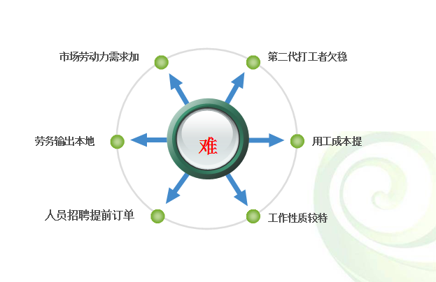 随着我国“人口红利”渐渐消失,用工问题成为许多企业的头等难题,尤其对于劳动密集型企业,开始出现招聘困难。从2009年8月以来,在珠三角、长三角等地很多企业订单增加,却招不到足够的工人,到2011年,劳动力短缺现象不但没有缓和,反而愈演愈烈,并在更大范围内由沿海地区蔓延到内陆省份,形成了不断扩大的“缺工潮”和“用工荒”。
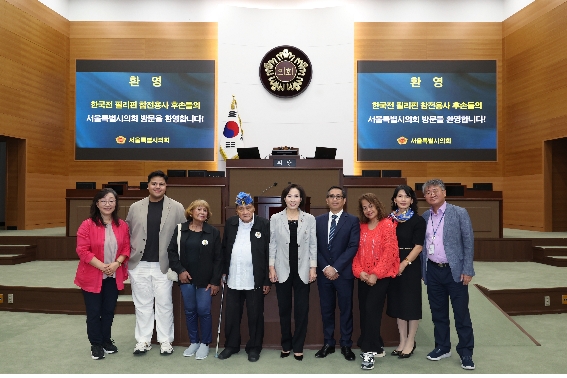 이미지 확대보기이숙자 운영위원장은 필리핀 한국전 참전군 19대대 창설 72주년 및 캠프티아노 필리핀 전투전적비 건립 72주년 기념행사 참석을 위해 한국을 방문한 필리핀 한국전 참전용사인 필릭스 미구엘과 그 가족·후손들을 서울시의회에 초청했다.
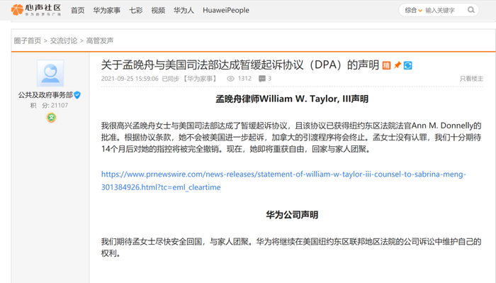 此前9月25日,华为心声社区发布《孟晚舟律师William W. Taylor, III声明》。声明称,已与美国司法部达成了暂缓起诉协议,且该协议已获得纽约东区法院法官Ann M. Donnelly的批准。根据协议条款,孟晚舟不会被美国进一步起诉,加拿大的引渡程序将会终止。声明还表示,孟晚舟没有认罪,且期待14个月后对她的指控将被完全撤销。
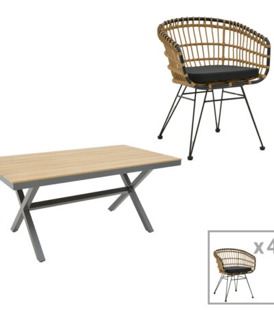 Naoki-Thorio dining table set of 5 anthracite aluminum and plywood in natural shade 160x90x75cm

■ **EXERCISE BRIEF**:
The answer must be the exact lines from the line with "W. Taylor, III声明》。声明称,已与美国司法部达成了暂缓起诉协议,且该协议已获得纽约东区法院法官Ann" to the final line of the data, both ends included, with no pictures.

■ **SOLUTION TO THE PROBLEM**:
 此前9月25日,华为心声社区发布《孟晚舟律师William W. Taylor, III声明》。声明称,已与美国司法部达成了暂缓起诉协议,且该协议已获得纽约东区法院法官Ann M. Donnelly的批准。根据协议条款,孟晚舟不会被美国进一步起诉,加拿大的引渡程序将会终止。声明还表示,孟晚舟没有认罪,且期待14个月后对她的指控将被完全撤销。
 Naoki-Thorio dining table set of 5 anthracite aluminum and plywood in natural shade 160x90x75cm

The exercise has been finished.